I’ve spent recent months interviewing women and girls in Afghanistan about their lives under the Taliban. It is hard to convey to you the level of despair they feel, but I will try.
Farzana is 15. She told me: “I am so hopeless for the future…I think the situation is not going to get better. When I see the Taliban, I think the Taliban will never change… I think they’ll get seven or eight years of our lives at least… You cannot dream in the presence of the Taliban.”
Farzana dreams of leaving Afghanistan. That is the only way she can find hope.
The Taliban’s ban on girls’ secondary school is unspeakable. It is unthinkable to me-as an Afghan woman whose parents fought desperately for me to get an education, as an Afghan woman whose life was changed completely by education-that another generation of girls are having their lives stolen from them by being shut out of school.
But education is not the only right under attack. It’s access to employment, to health care, the right to live free from violence, to be represented politically, to protest, to raise your voice, to play sports or music.
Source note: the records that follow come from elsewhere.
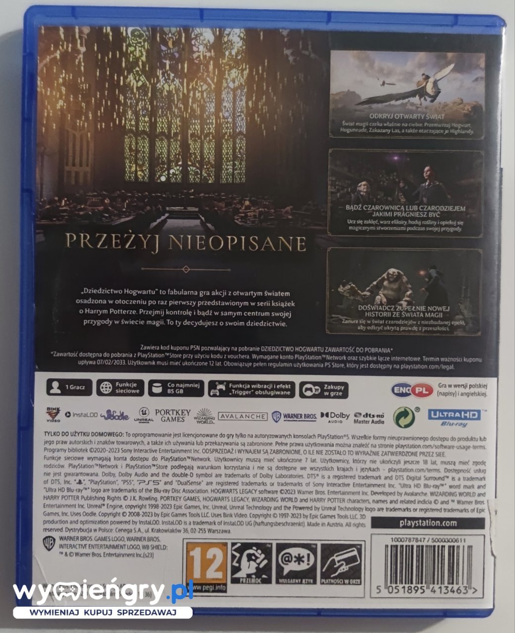 Przejdź przez mury magicznej szkoły, odkrywaj tajemnice czarodziejów i stwórz własną legendę w Hogwarts Legacy. Wciel się w ucznia szkoły magii i odkryj ogromny świat pełen niezwykłych stworzeń, potworów i zaklęć. Znajdź swoje powołanie, rozwijaj umiejętności czarowania i poznawaj magiczne sekrety. Podążaj za ścieżką dobra lub zgubienia, a twoje wybory będą miały wpływ na losy całej społeczności czarodziejów. Przygotuj się na niezapomnianą podróż, gdzie magia czeka na ciebie na każdym kroku.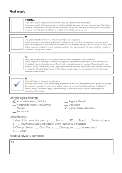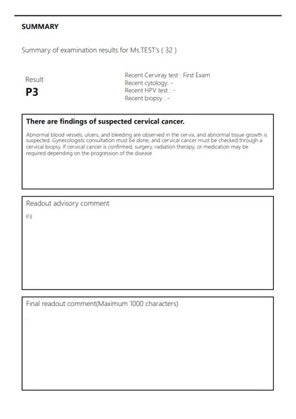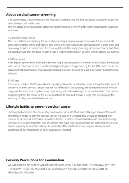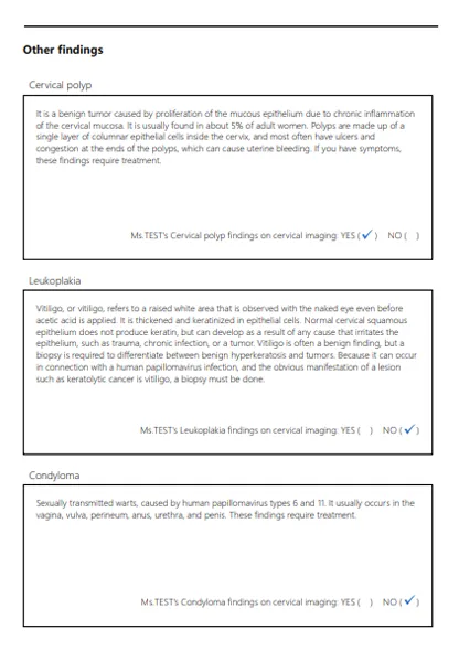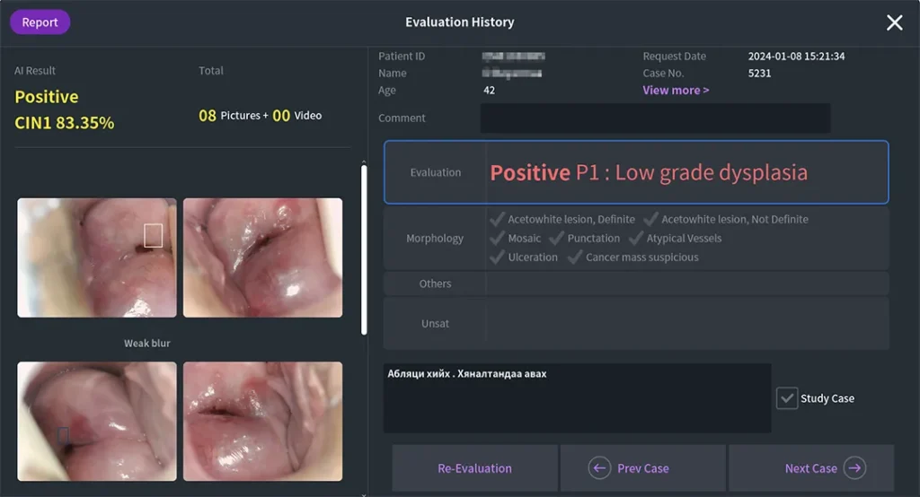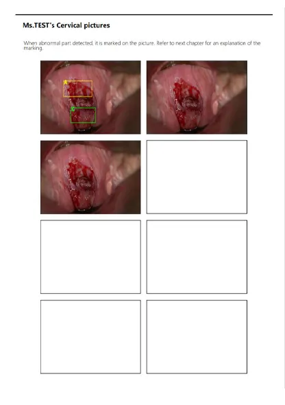 • Дэлгэрэнгүй тайланд Хиймэл оюун ухаанд үнэлгээ хийлгэхээр илгээсэн 8 хүртлэх зургийг бүгдийг нь оруулж болох бөгөөд эмгэг өөрчлөлтүүдийн талаарх дэлгэрэнгүй мэдээллийг оруулсан байдаг.
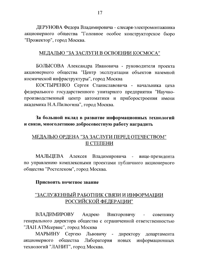 "О награждении государственными наградами Российской Федерации"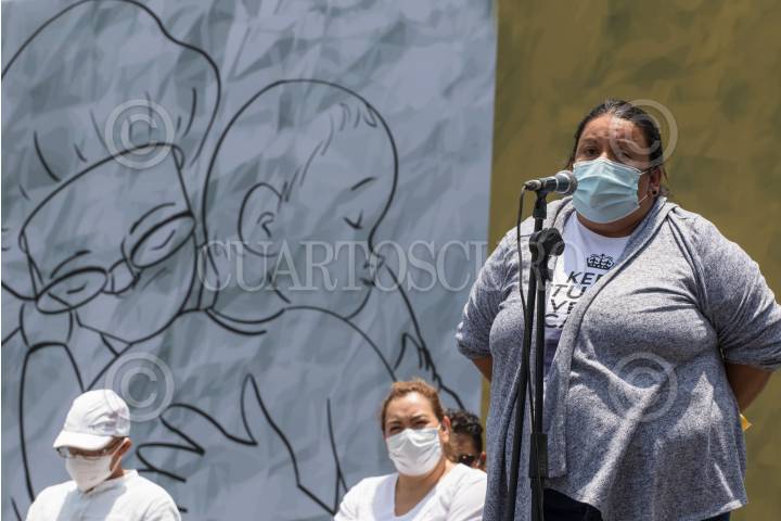 Rosa Areli Hernández, madre de Jonathan García Hernández, quien padeció el desabasto de medicamentos para tratar la leucemia que padece su hijo, durante su intervención en el mitin de la marcha denominada #QuímiosSí.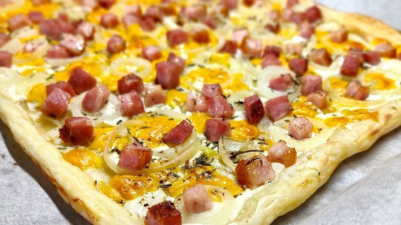 Poté přidáme nakrájený čedar, anglickou slaninu a cibuli. Všechny suroviny trochu osolíme, opepříme a posypeme sušeným tymiánem.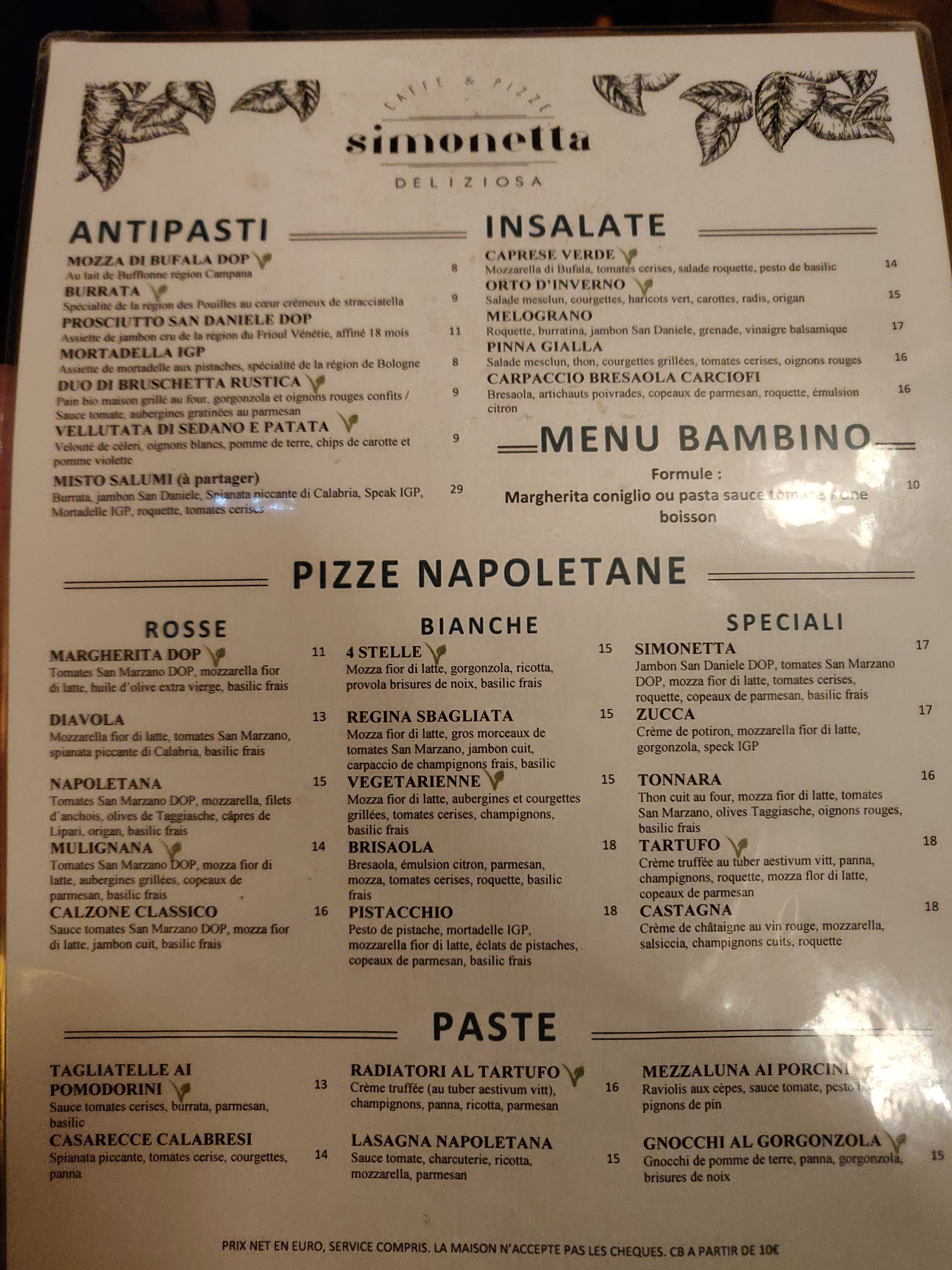 C’était ma première visite, et certainement pas la dernière ! J’ai commandé la pizza “Simonetta”, et elle était tout simplement délicieuse, avec des saveurs parfaitement équilibrées. En plus de la qualité des plats, l’ambiance du restaurant était chaleureuse et conviviale. Le personnel était accueillant, attentionné et toujours souriant, ce qui a rendu l’expérience encore plus agréable. Une adresse à découvrir absolument, je recommande les yeux fermés !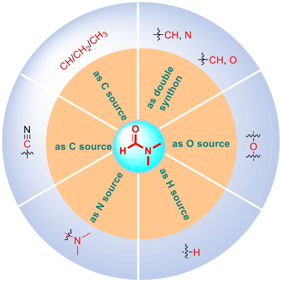 N,N-dimethylformamide (DMF) is a common organic compound. It is not only often used as a solvent in organic reactions but also widely employed as a reaction reagent in industrial production, playing an important role in organic synthesis for a long time. It is worth noting that DMF itself can act as a synthon to provide different structural units for participation in organic synthesis reactions, and it plays a very important role in the construction of complex, diverse and structurally novel functional molecules. Therefore, this review focuses on introducing the performance of DMF as a multifunctional precursor in various reactions, summarizes the latest progress of DMF as an amine source, carbon source, hydrogen source, oxygen source and double synthon reactions, and prospects the future development direction of this field, hoping to provide a reference for the later research on reactions involving DMF as a synthon.

It’s the right to leave your home and move freely-a right without which other rights are hard to enjoy.
The situation in Afghanistan is the most serious women’s rights crisis in the world. It is the most serious women’s rights crisis since 1996, when the Taliban took over the last time.
The world must respond with more than statements of deep concern. We need a concrete plan and concrete steps, including intense monitoring of the situation by the UN, accountability, and practical responses like travel bans on Taliban leaders implicated in the worst abuses, and we need it now.